Core Principle: Idempotency
"Calling the same reconcile 100 times must produce the same result."
The kube-rs Controller follows a level-triggered design:
| Approach | Question | kube-rs |
|---|---|---|
| edge-triggered | Reacts to "what changed" | ✗ |
| level-triggered | Looks at "what the current state is" and converges | ✓ |
The reason the Controller intentionally hides the trigger reason: watch events can be merged, duplicated, or lost. If you depend on "why it was called," you will not behave correctly when events are missed.

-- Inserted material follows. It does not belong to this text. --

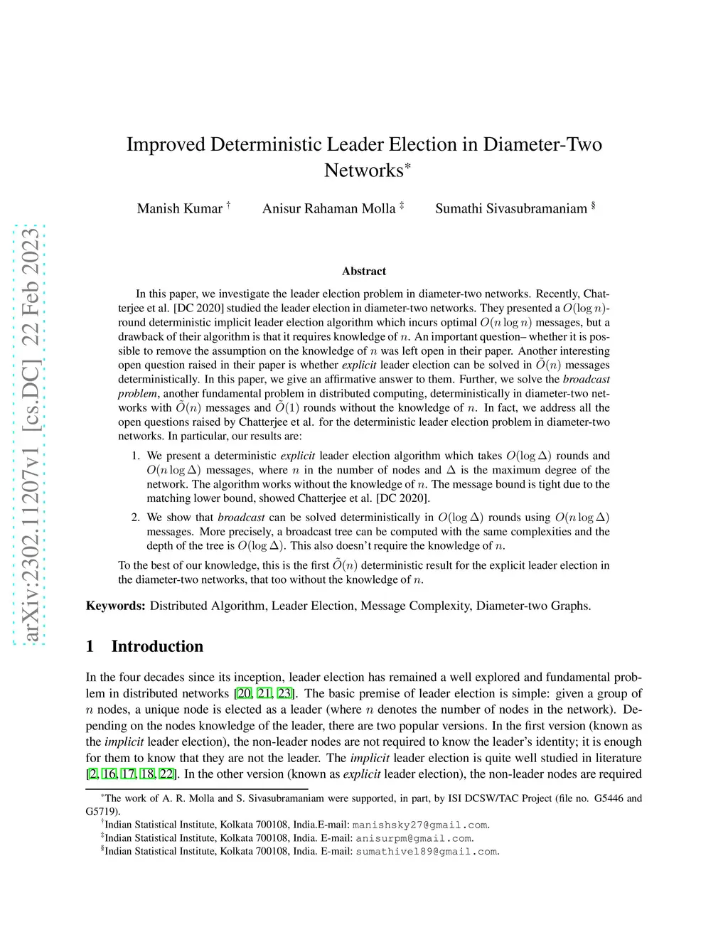 In this paper, we investigate the leader election problem in diameter-two networks. Recently, Chatterjee et al. [DC 2020] studied the leader election in diameter-two networks. They presented a -round deterministic {implicit} leader election algorithm which incurs optimal messages, but a drawback of their algorithm is that it requires knowledge of . An important question -- whether it is possible to remove the assumption on the knowledge of was left open in their paper. Another interesting open question raised in their paper is whether {\em explicit} leader election can be solved in messages deterministically. In this paper, we give an affirmative answer to them. Further, we solve the {\em broadcast problem}, another fundamental problem in distributed computing, deterministically in diameter-two networks with messages and rounds without the knowledge of . In fact, we address all the open questions raised by Chatterjee et al. for the deterministic leader election problem in diameter-two networks. To the best of our knowledge, this is the first deterministic result for the explicit leader election in the diameter-two networks, that too without the knowledge of .

ReconcileReason only exists in the tracing span. It is meant for logging and debugging purposes, not for branching in reconciler logic.
Infinite Loop Patterns
Pattern 1: Writing non-deterministic values to status
// ✗ Don't do this
status.last_updated = Utc::now(); // Different value every time
api.patch_status("name", &pp, &patch).await?;
// → New resourceVersion → watch event → re-trigger → infinite loop
Pattern 2: Racing with another controller
Your controller adds an annotation to a Deployment, the Deployment controller modifies another field, and that triggers your controller again — creating a loop.
Prevention
1. Use only deterministic values
Use deterministic values like hashes or generation instead of timestamps. Skip the patch if the value hasn't changed.
// ✓ Only update when the value has changed
if current_status != desired_status {
api.patch_status("name", &pp, &patch).await?;
}
2. Use predicate_filter
use kube::runtime::{predicates, WatchStreamExt};
// Status changes don't change the generation, so they get filtered out
let stream = watcher(api, wc)
.default_backoff()
.applied_objects()
.predicate_filter(predicates::generation);
Controller::for_stream(stream, reader)
predicate_filter() is a method on the WatchStreamExt trait. It is not a method on Controller, so you apply it to the stream and then inject it via Controller::for_stream().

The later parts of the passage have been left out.